Previous studies from our lab and others have suggested obesity increases leakiness of lymphatic vessels (Angeli et al. 2004; Lim et al. 2009; Savetsky et al. 2015). Consistent with these reports, we found that obese mice had leaky initial and collecting lymphatics as assessed by Evans blue lymphangiography (n = 5; Fig. 6 A). In obese mice, the Evans blue dye, which is ordinarily bound by albumin after injection and picked up by lymphatic vessels, was noted to extravasate proximal to the injection site and was eventually picked up by sparsely located lymphatics. In contrast, lean mice had discretely stained lymphatics with little extravasation of dye proximally. Similarly, weight loss animals demonstrated improved uptake of Evans blue dye by the lymphatics with a pattern that was essentially indistinguishable from lean mice (Fig. 6 A).

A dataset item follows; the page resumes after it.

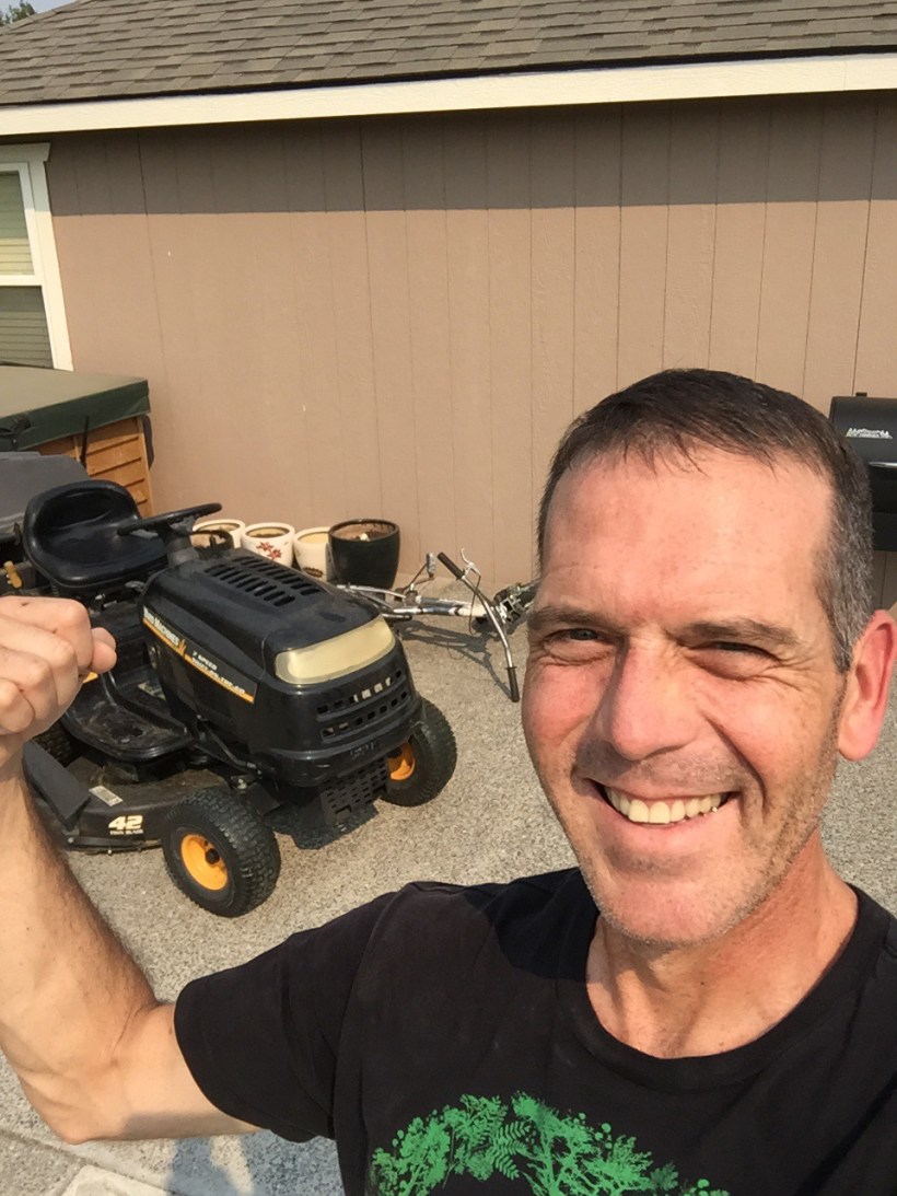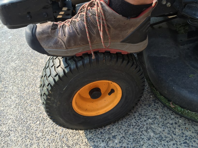 I got a flat tire on the lawn mower…uggggg.  All hopes of finishing the lawn begin to fade…

Our findings with Evans blue dye were confirmed with tomato lectin injection, a compound that is preferentially taken up by lymphatic vessels and used to identify functional lymphatics (Nitschke et al. 2012). Indeed, injection of this material in the ears of lean mice led to it being found within the lumen of collecting lymphatics (podoplanin+ vessels with smooth muscle cell coverage) with the presence of very little extra‐lymphatic dye (n = 5; Fig. 6 B). In contrast, obese mice had marked leakiness of lectin outside of the collecting lymphatic vessels with accumulation in the extracellular matrix. Similar to our findings with Evans blue, we found that lectin uptake by the collecting lymphatics was improved with more normal appearing uptake after weight loss although a small amount of dye could still be observed outside the vessels (Fig. 6 B).

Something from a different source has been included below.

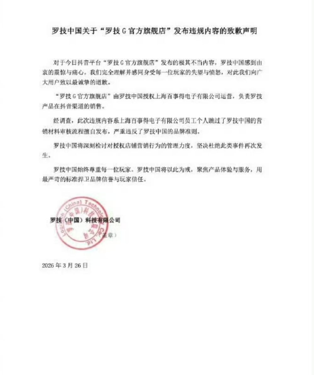 事发后,罗技品牌方与代运营仓促致歉,但这份回应并未获得大众认可被质疑为“甩锅”。

As expected, analysis of collecting lymphatic vessel package frequency demonstrated a marked inhibition (more than 2‐fold decrease) of collecting lymphatic pumping capacity in obese mice, as compared to age‐matched lean controls (n = 5, P < 0.01; Fig. 7 A, B). Weight loss effectively reversed this pathological response and returned lymphatic pumping frequency back to lean levels (Fig. 7 A, B). Similarly, we found that deficits in transport of DCs to regional lymph nodes noted in obese mice were reversed with weight loss (n = 6–8, P < 0.0005; Fig. 7 C). In this analysis, obese mice had a 15‐fold decrease in the percentage of peripherally injected DCs that had migrated to the draining popliteal lymph nodes, as compared to lean mice. In contrast, the percentage of migrating DCs in weight loss animals was essentially the same as those observed in lean controls (Fig. 7 C).

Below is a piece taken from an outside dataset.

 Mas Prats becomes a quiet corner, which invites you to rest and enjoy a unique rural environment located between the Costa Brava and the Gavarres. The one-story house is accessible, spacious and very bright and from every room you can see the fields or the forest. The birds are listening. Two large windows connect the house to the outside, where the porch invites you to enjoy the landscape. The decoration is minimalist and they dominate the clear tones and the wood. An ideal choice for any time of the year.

Consistent with our observations in lymphatic pumping and DC trafficking, we noted a marked decrease in clearance of macromolecules in obese animals as assessed with 99mTc lymphatic clearance following injection into the hindpaw (n = 12; P < 0.0005; Fig. 7 D, E). Obese animals had a more than 3‐fold decrease in peripherally injected 99mTc uptake by the draining popliteal and inguinal lymph nodes as compared to controls. This deficit improved significantly in weight loss animals with macromolecule clearance being restored by to normal (lean) levels (Fig. 7 D, E).
Discussion
In this study, we have shown that obesity has a nearly linear negative correlation with both initial lymphatic vessel density and collecting lymphatic packet frequency. These changes occurred in association with accumulation of perilymphatic inflammatory and iNOS+ cells. We have shown that lymphatic defects in obesity are most reproducibly measured in mice that weigh more than 40 g. Furthermore, we have shown that diet‐induced weight loss can effectively reverse the pathological effects of obesity on the lymphatic system by decreasing perilymphatic inflammation and iNOS expression, restoring initial lymphatic vessel density, decreasing capillary and collecting lymphatic leakiness, reversing deficits in collecting lymphatic pumping and dendritic cell trafficking to regional lymph nodes, and resolving obesity‐mediated defects in macromolecule clearance.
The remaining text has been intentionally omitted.